Friday, December 25, 2009

DAY 23 -Illusion




Sometimes I wonder, do I think in words or in images.
Sometimes the lines blur.
Sometimes there are images with no words.
But my words are ALWAYS accompanied by images.
That's so strange, because I began my career as a writer and not as a photographer.

This is one such image which has a story to it, but I just don't have the words. Now THAT'S confusing to me too!

I was shooting a dancer when this image offered itself to me -the leg of a male dancer next to that of the nandi -which is associated with Shiva- known as the master-dancer.

Look at the image again, don't you think that the foot of the Nandi is as elegant and worthy of chalangai (anklets) as that of any dancer...? Mmmm...now THAT is something to ponder

Day 22 - Finding God in Kitsch




My religious, practicing-Hindu mother just cannot understand how I, who voluntarily opted for Christianity at the age of 25 as a choice of religion, not go to church on Christmas eve.

“What sort of a Christian are you?” she asks absolutely disgusted by my behavior. “You don’t go to the church, not even on Christmas. Yet you love decorating your Christmas tree. Yes, I am really BIG on my small Christmas tree.

I don’t find God in religious places of worship. Don’t get me wrong –I am not being rebellious here. I fully support all those who want to go to churches, temples and mosques. I make it a point to drive my mom to the temple whenever she wants to.

I love temples and churches and mosques and all the other places of worship. I enjoy the smell of camphor and fresh flowers and the mantras in a temple; I absolutely revel in the singing, praise and worship in a church not to forget the fellowship and camaraderie that follows; I love the silence of a mosque. It’s just that I (and let me reiterate –I ALONE) cannot seem to find God here. I have tried for a major part of my life.

I seem more connected to my maker now more than ever. And I don’t even belong to any religion anymore nor do I go to the church anymore (again I am not subscribing this to anyone). I feel the connection when I look at the beautiful clouds, the breathtaking sunset and sunrise, the different shades of green in a lane full of trees. I find God in my bedroom, when I wake up at 4 am and just sit there with the lights switched off and the windows open, I feel my maker in the cool breeze that tingle my skin.

I feel more connected to God when I hang the stars and tinsels on my Christmas tree. When I finish decorating the tree and switch on the fairy lights –Oh my God, my heart leaps with joy to see that beautiful sight. And at that precise moment –when my heart is filled with unadulterated joy is when I feel deeply connected to God.

Merry Christmas. And I wish that each one of you find your connection in your own way!

This image is a collage of my the Christmas tree in my house -gives me great joy as always

Wednesday, December 23, 2009

DAY 21 -Natural artists


Sometimes nature offers you something so breathtaking that it actually takes your breath away.

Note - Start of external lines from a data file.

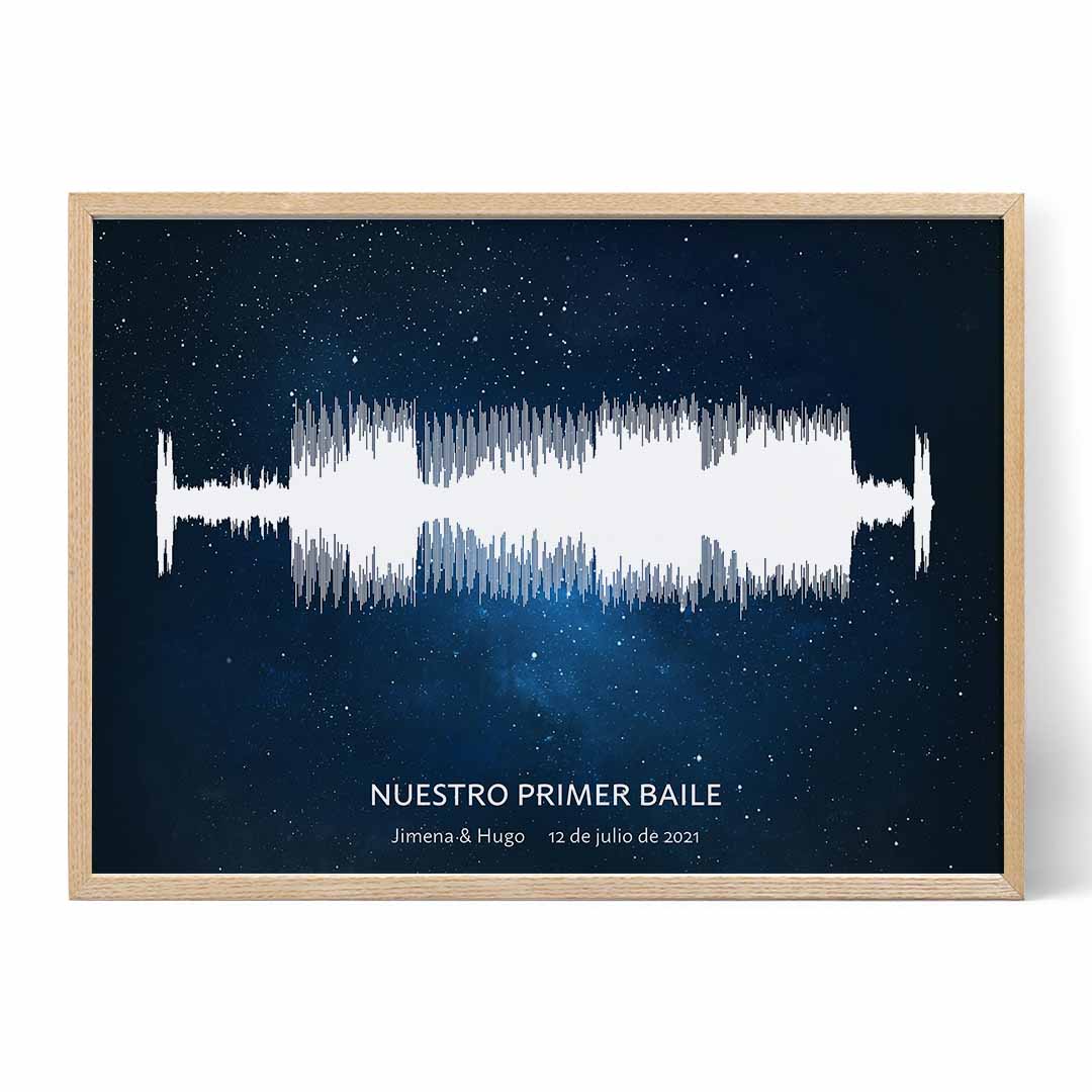 Ya sea que hayan pasado años desde el día de su boda o que apenas hayan decidido comprometerse de por vida, podemos convertir su primera canción como pareja en una obra de arte que sin duda adornará las paredes de su hogar. Para hacerlo, solo necesitas subir el archivo de audio de tu canción y elegir una de nuestras maravillosas plantillas para comenzar a crear la obra perfecta. Explora nuestras paletas de colores y diseños, y mira cómo tu diseño va cobrando vida en tiempo real. Agrega detalles, como el nombre de la canción, una frase especial, la fecha de su boda o cualquier cosa que te ayude a contar su historia.
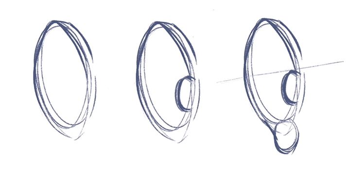 Draw the shape of the desired ear, then sketch in the inner ear detailing for the cartilage on the inner part of the ear, then draw in the cartilage detailing on the further parts of the ear.
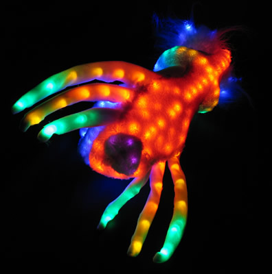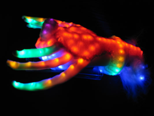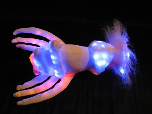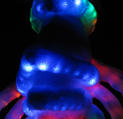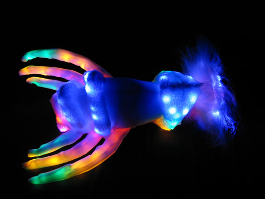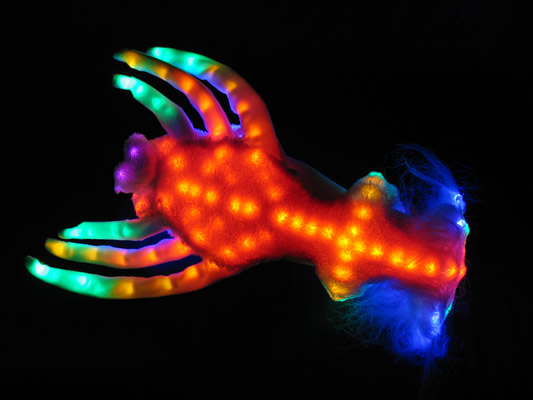 Imagine a found object, of alien origin. Its shape resembles a creature, but it is also soft, cuddly, and blinking in a variety of complicated patterns. Is it a child's plush toy, from another galaxy? Or is it a live being? Or both?
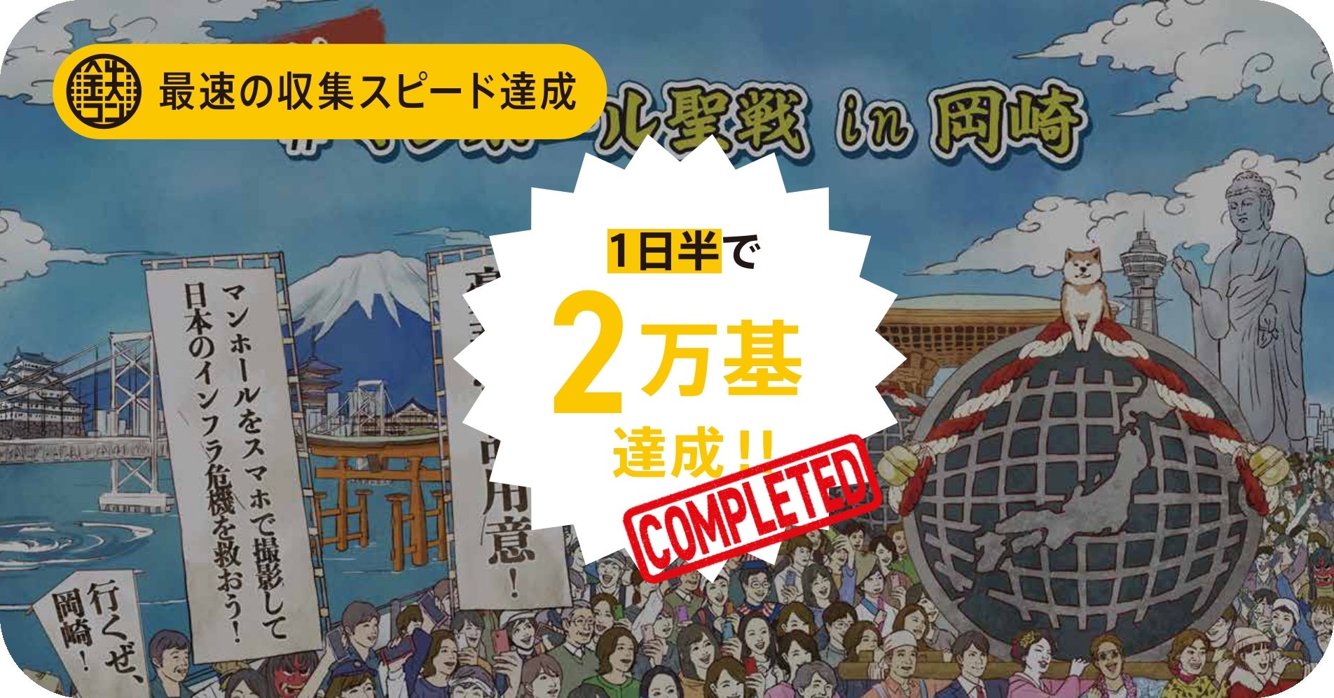 11月26日(土)、27日(日)に開催したイベント「マンホール聖戦in岡崎」では、延べ300名近くの方々にご参加いただき、結果として2日目の午前中に全ての対象マンホールデータが集まりました。「1日半で20,000基コンプ」は今まで開催したイベントの中で、最も早くデータが収集されたこととなります。
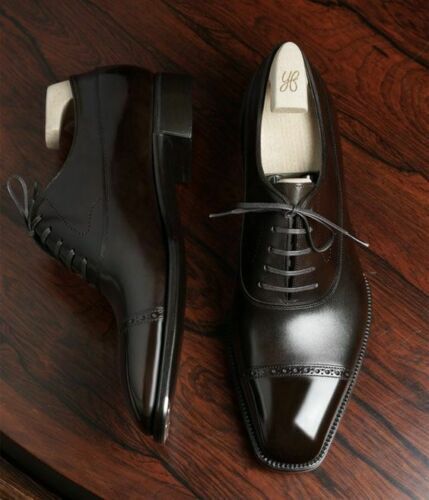 Handmade Men's Brown Genuine Cowhide Leather Oxford Cap Toe Dress Formal Shoes
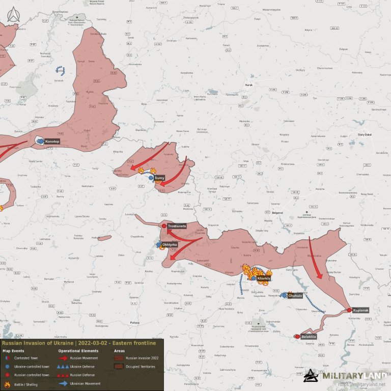 Les dejo unos mapas muy interesantes de https://militaryland.net/ukraine/invasion-day-7-summary/
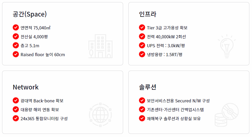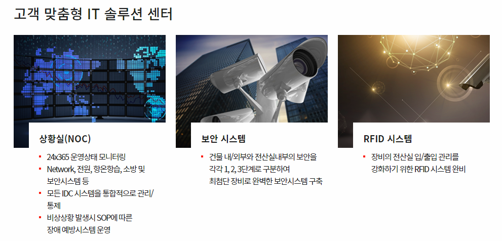 또한 고객 맞춤형 IT 솔루션 센터를 갖추고 있기 때문에 고객 요구사항에 유연하게 대응이 가능한데요. 365일 24시간 모니터링을 통해 운영상태를 실시간으로 모니터링하여 혹시 모르는 사고나 장애에 항시 대비하고 있습니다. 건물 내·외부와 전산실 내부에는 최첨단 장비를 설치하여 완벽한 보안 시스템을 구축하고, 이 외에도 데이터를 안전하게 보관하기 위해 보안에 특화된 여러가지 솔루션을 제공하고 있습니다.
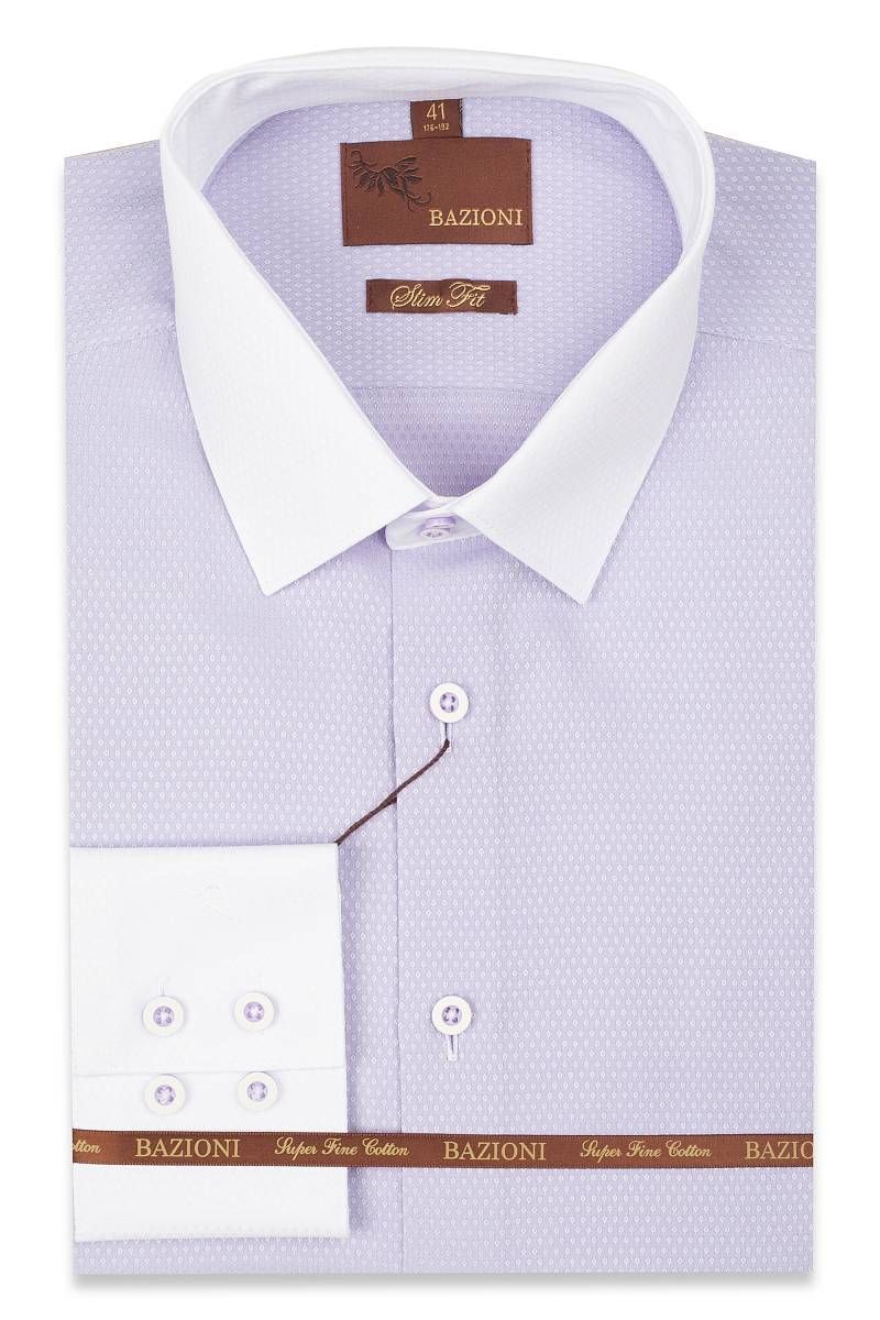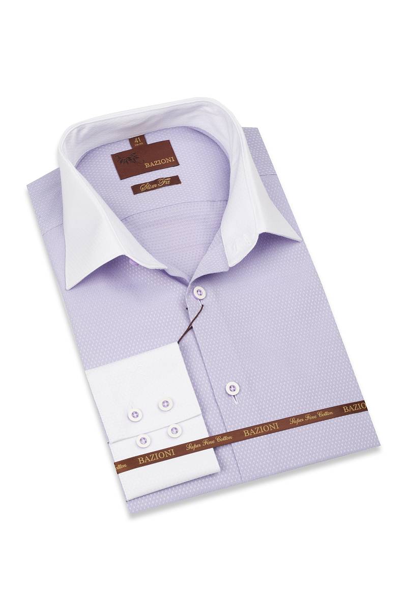 Slim fit, воротник-классический с высокой стойкой на две пуговицы, манжет - обычный 8см с прямым углом на две вертикально расположенные пуговицы и две регулирующие, застежка - без отделки. Воротник , стойка воротника и манжеты - из отделочной ткани - белые.
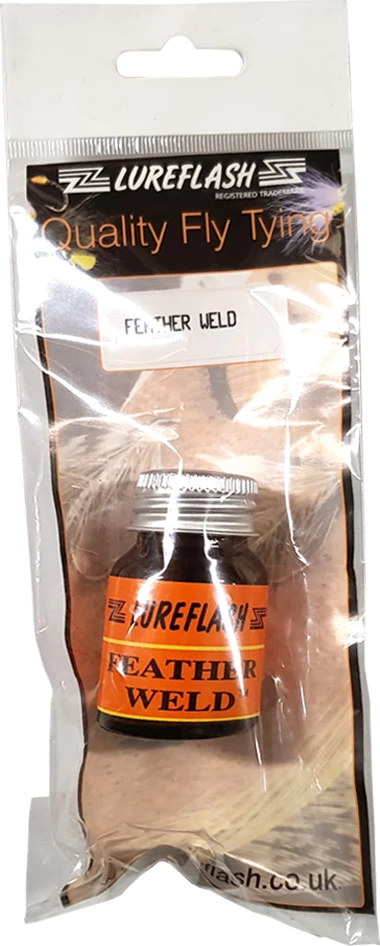 Lureflash Feather Weld is a clear flexible lacquer for repairing splits in feathers such as Jungle cock, without marking when folded for patterns such as roof wing sedges, or keeping wings together on standard wets and dry flies.
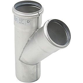 Blücher EuroPipe grenrør med 45° forgrening fremstillet af syrefast stål.
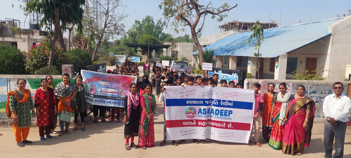 અને બેનરો, પોસ્ટરો સહિત સુત્રોચ્ચાર સાથે ગામના દરેક વિસ્તારમાં રેલી સ્વરુપે ફરીને ગામના લોકોને સ્વચ્છતા બાબતે જાગૃત કરવાનો નેક પ્રયાસ કર્યો હતો. નાના ભૂલકાંઓને પોસ્ટરો, સુત્રોચ્ચાર સાથે ગામની શેરીઓમાં ફરતા જોઇને ગામ લોકો પ્રભાવિત થયા હતા. પ્રસ્તુત રેલીને સફળ બનાવવામાં શાળાના આચાર્ય, શિક્ષકો તથા આશાદીપના સ્ટાફને સરાહનીય પ્રયત્નો કર્યા હતા.

This is one such image. I did not do a thing, other than point my camera in the right direction and click. The colors, the composition, the interplay between the setting sun and the bird in flight, all came together at the right moment to give me this wonderful composition.

And I thought to myself: OMG, how can anyone compete with that. No matter what you do there is no way you can compete with nature as far as creative pursuits go.

That's when the good angel on my right shoulder whispered (Yup, the good one sits on my right and naughty one on my left)
-"You dumb cluck of a humanoid what should I do to get across through that maze that you call a brain. Don't you realise -you don't have to compete, you ARE A CO-CREATOR.

" You have come from the one who created this -this sun, the sky, the birds, this beautiful image, which you think is so absolutely breathtaking. You have come from the one that's created THIS.

"You can call him God. You can call him SOURCE. you can call him HER. Or you can call it Energy or nothing at all. But the fact of the matter is you have come from THERE.

" This world and the beauty that you see around you is your legacy. Which means if your maker can create something beautiful so can you. You are a CO-CREATOR. Can you please write that with a permanent marker on the walls of your Cranium?" So said the good angel.

It is only recently that I am beginning to understand the meaning of co-creation. And it is a marvelous and joyful experience -this co-creation. And extremely EMPOWERING.

Tuesday, December 22, 2009

DAY 20 - A picture story book




Okay, there are still a couple of hours to Day 20.

However, Day 20 is getting posted in the tail end of Day 19, because I am going to be nowhere near a computer tomorrow – ah bliss!


This image could easily be one from the 40s or 50s. AND there are so many layers to this image. And that’s what makes this image special.

It’s like a little book of short stories. Every time I look at the image I see a story. Tales of adolescence, friendship, the equation between boys and girls, diversity, unity and innocent fun. There are very many tales hidden in the layers of this image. If only one cares to look!

Monday, December 21, 2009

DAY 19 - BNW HEROES




I was a strange kid. I liked to watch the BNW newsreel which used to be shown just before the movie began in the cinema-theatre. I also liked watching ads –vicco vajradanthi was one of my favorites. I told you, I was a bit off the rocker to begin with.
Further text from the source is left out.